--- EXERCISE OBJECTIVE ---
Look through the entries below and extract exactly the lines from the one containing "14-现代飘带吊灯,现代带掉3D模型vrrr3d模型下载" through the one containing "6SE7023-2ES87-2DA1 Module de", ends included.

========

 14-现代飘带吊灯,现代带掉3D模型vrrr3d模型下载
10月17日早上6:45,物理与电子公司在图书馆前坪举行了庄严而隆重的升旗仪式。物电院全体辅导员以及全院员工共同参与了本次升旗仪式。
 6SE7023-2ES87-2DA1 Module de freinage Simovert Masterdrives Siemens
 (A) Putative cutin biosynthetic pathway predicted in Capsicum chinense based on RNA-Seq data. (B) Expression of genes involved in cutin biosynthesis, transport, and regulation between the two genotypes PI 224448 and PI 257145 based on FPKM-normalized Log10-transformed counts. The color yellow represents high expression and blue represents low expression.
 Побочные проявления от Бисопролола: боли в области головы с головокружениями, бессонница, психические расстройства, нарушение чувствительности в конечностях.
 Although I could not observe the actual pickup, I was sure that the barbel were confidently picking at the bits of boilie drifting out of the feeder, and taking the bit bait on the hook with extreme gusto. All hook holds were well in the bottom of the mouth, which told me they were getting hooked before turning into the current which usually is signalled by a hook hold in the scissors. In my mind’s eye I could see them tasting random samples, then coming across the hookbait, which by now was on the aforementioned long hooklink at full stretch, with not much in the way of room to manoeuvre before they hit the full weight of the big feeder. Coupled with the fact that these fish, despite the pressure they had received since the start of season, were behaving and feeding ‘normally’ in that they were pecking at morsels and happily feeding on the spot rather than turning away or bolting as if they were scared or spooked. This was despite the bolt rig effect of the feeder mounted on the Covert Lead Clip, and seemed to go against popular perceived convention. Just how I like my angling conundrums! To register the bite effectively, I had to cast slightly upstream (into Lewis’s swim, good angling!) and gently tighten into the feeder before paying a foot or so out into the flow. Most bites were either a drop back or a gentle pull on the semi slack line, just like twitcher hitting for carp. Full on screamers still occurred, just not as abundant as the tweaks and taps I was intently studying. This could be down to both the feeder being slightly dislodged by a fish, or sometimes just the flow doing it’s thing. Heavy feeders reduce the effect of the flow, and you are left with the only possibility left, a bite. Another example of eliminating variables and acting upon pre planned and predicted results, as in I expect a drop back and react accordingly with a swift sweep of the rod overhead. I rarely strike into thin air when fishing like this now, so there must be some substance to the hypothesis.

========

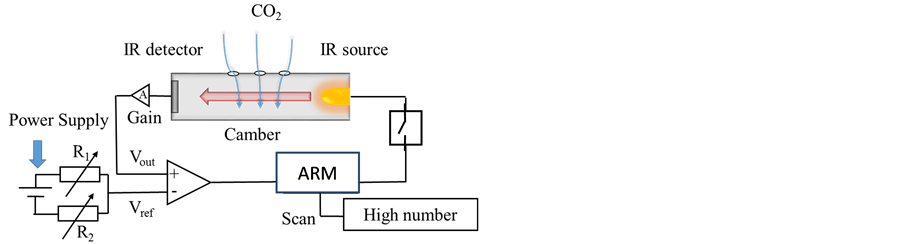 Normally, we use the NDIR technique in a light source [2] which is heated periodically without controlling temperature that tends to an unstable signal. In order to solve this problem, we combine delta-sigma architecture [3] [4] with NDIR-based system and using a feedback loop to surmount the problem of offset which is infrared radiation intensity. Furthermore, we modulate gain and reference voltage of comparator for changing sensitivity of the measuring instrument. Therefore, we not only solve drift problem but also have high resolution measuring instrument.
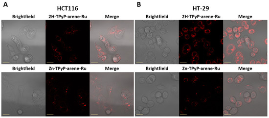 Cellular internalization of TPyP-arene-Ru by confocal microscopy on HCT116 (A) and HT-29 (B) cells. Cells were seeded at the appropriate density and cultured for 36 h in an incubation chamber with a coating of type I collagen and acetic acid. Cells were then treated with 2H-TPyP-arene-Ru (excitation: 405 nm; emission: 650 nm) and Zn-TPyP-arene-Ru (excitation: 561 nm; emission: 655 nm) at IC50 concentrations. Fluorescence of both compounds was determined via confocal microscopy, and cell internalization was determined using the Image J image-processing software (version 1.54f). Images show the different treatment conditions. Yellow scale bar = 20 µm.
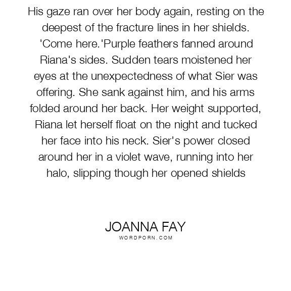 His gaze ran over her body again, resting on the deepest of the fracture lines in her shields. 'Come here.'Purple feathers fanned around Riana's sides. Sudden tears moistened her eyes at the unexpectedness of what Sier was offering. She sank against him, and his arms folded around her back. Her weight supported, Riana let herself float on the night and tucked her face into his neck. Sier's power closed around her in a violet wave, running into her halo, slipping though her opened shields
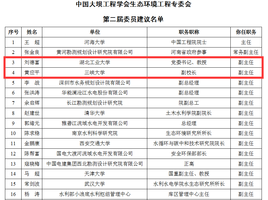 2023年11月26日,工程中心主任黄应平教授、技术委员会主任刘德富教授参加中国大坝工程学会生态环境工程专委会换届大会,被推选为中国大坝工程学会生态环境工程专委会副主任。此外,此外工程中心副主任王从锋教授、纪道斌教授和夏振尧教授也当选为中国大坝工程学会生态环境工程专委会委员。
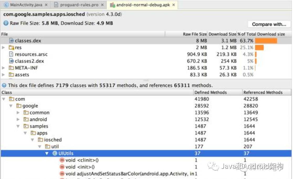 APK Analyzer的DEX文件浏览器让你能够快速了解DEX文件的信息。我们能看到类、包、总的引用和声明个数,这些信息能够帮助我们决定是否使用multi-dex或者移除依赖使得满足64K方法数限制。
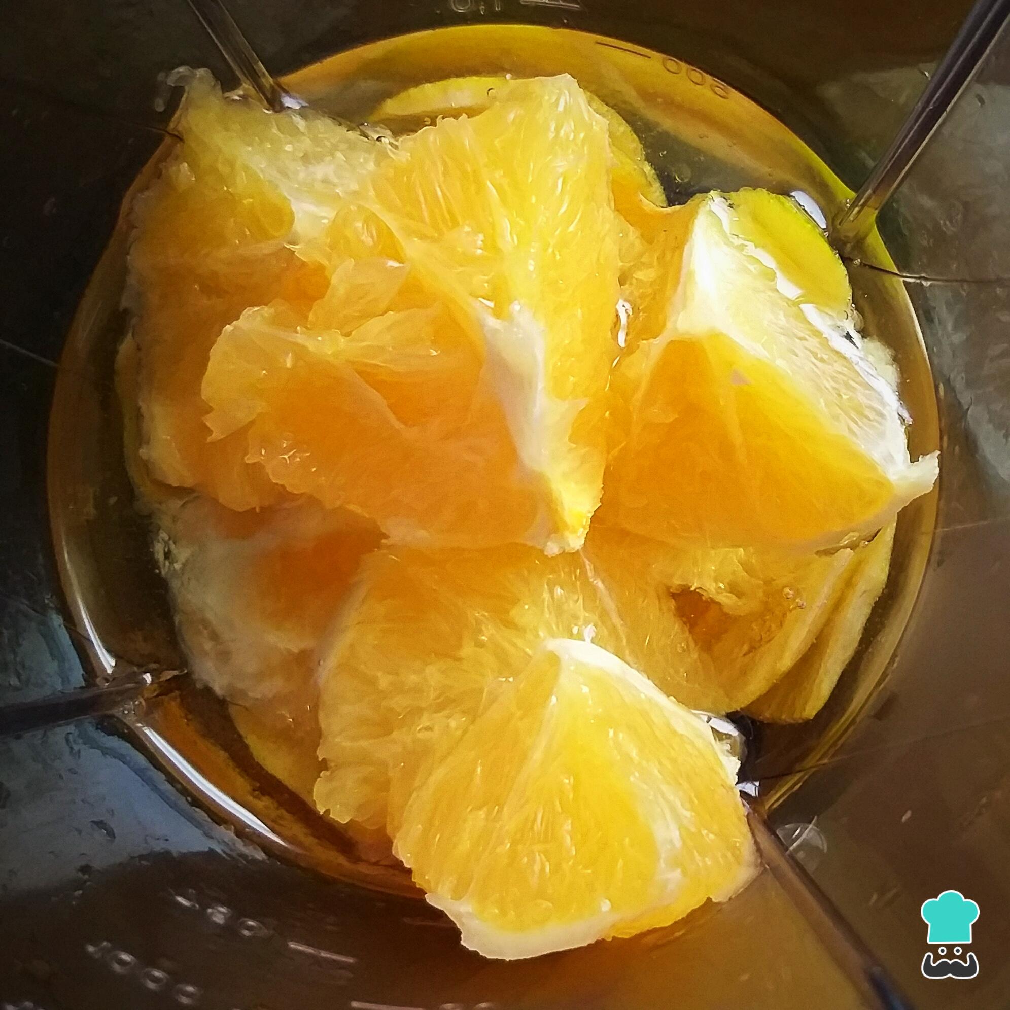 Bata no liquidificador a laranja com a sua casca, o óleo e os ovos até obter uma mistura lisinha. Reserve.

========

--- REPLY ---
 14-现代飘带吊灯,现代带掉3D模型vrrr3d模型下载
10月17日早上6:45,物理与电子公司在图书馆前坪举行了庄严而隆重的升旗仪式。物电院全体辅导员以及全院员工共同参与了本次升旗仪式。
 6SE7023-2ES87-2DA1 Module de freinage Simovert Masterdrives Siemens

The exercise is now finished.